Interactions of STAT5b-RARalpha , a novel acute promyelocytic leukemia fusion protein, with retinoic acid receptor and STAT3 signaling pathways

Shuo Dong and David J. Tweardy

From the Section of Infectious Disease, Department of Medicine, Baylor College of Medicine, Houston, TX, and the Shanghai Institute of Hematology, Shanghai Rui-Jin Hospital, Shanghai, Peoples Republic of China.

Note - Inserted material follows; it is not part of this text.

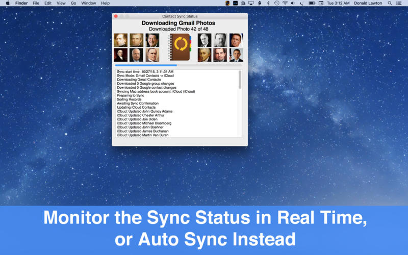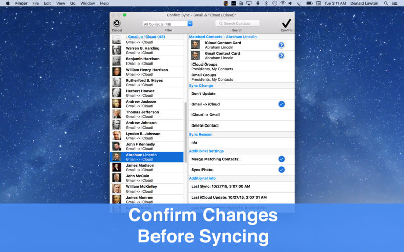 有了谷歌联系人同步程序提供的可定制性,它可以在许多创造性的方式使用。例如,你可以备份你的Mac通讯录到Gmail,可以同步iCloud的通讯录与Gmail,或者您也可以只在一个方向(如Gmail到Mac)进行同步。【软件特点】

Signal transducer and activator of transcription (STAT) 5b-retinoic acid receptor (RAR) alpha  is the fifth fusion protein identified in acute promyelocytic leukemia (APL). Initially described in a patient with all-trans retinoic acid (ATRA)-unresponsive disease, STAT5b-RARalpha resulted from an interstitial deletion on chromosome 17. To determine the molecular mechanisms of myeloid leukemogenesis and maturation arrest in STAT5b-RARalpha + APL and its unresponsiveness to ATRA, we examined the effect of STAT5b-RARalpha on the activity of myeloid transcription factors including RARalpha /retinoid X receptor (RXR) alpha , STAT3, and STAT5 as well as its molecular interactions with the nuclear receptor corepressor, SMRT, and nuclear receptor coactivator, TRAM-1. STAT5b-RARalpha bound to retinoic acid response elements (RAREs) both as a homodimer and as a heterodimer with RXRalpha and inhibited wild-type RARalpha /RXRalpha transactivation. Although STAT5b-RARalpha had no effect on ligand-induced STAT5b activation, it enhanced interleukin 6-induced STAT3-dependent reporter activity, an effect shared by other APL fusion proteins including promyelocytic leukemia-RARalpha and promyelocytic leukemia zinc finger (PLZF)-RARalpha . SMRT was released from STAT5b-RARalpha /SMRT complexes by ATRA at 10-6 M, whereas TRAM-1 became associated with STAT5b-RARalpha at 10-7 M. The coiled-coil domain of STAT5b was required for formation of STAT5b-RARalpha homodimers, for the inhibition of RARalpha /RXRalpha transcriptional activity, and for stability of the STAT5b-RARalpha /SMRT complex. Thus, STAT5b-RARalpha contributes to myeloid maturation arrest by binding to RARE as either a homodimer or as a heterodimer with RXRalpha resulting in the recruitment of SMRT and inhibition of RARalpha /RXRalpha transcriptional activity. In addition, STAT5b-RARalpha and other APL fusion proteins may contribute to leukemogenesis by interaction with the STAT3 oncogene pathway.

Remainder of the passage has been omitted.